◆ Data block ◆
○ ○ ○ ○ ○

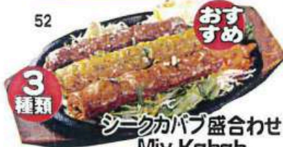
シークカバブ盛り合わせ Mix Kabab
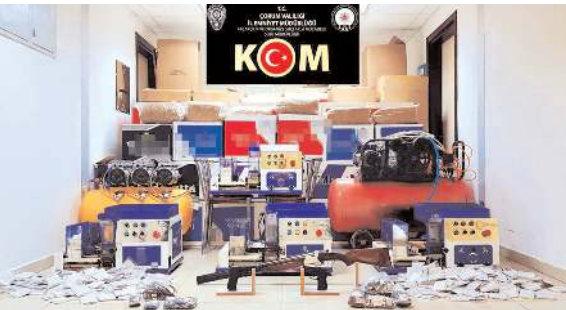
Operasyonda kaçak sigara yapımında kullanılan makine ve malzemeler ele geçirildi.

Edinilen bilgiye göre, Çorum Emniyet Müdürlüğüne bağlı Kaçakçılık ve Organize Suçlarla Mücadele

○ ○ ○ ○ ○

◆ Exercise instructions ◆
I would like the data copied exactly as it stands, with no pictures included.

◆ Written response ◆
シークカバブ盛り合わせ Mix Kabab
Operasyonda kaçak sigara yapımında kullanılan makine ve malzemeler ele geçirildi.

Edinilen bilgiye göre, Çorum Emniyet Müdürlüğüne bağlı Kaçakçılık ve Organize Suçlarla Mücadele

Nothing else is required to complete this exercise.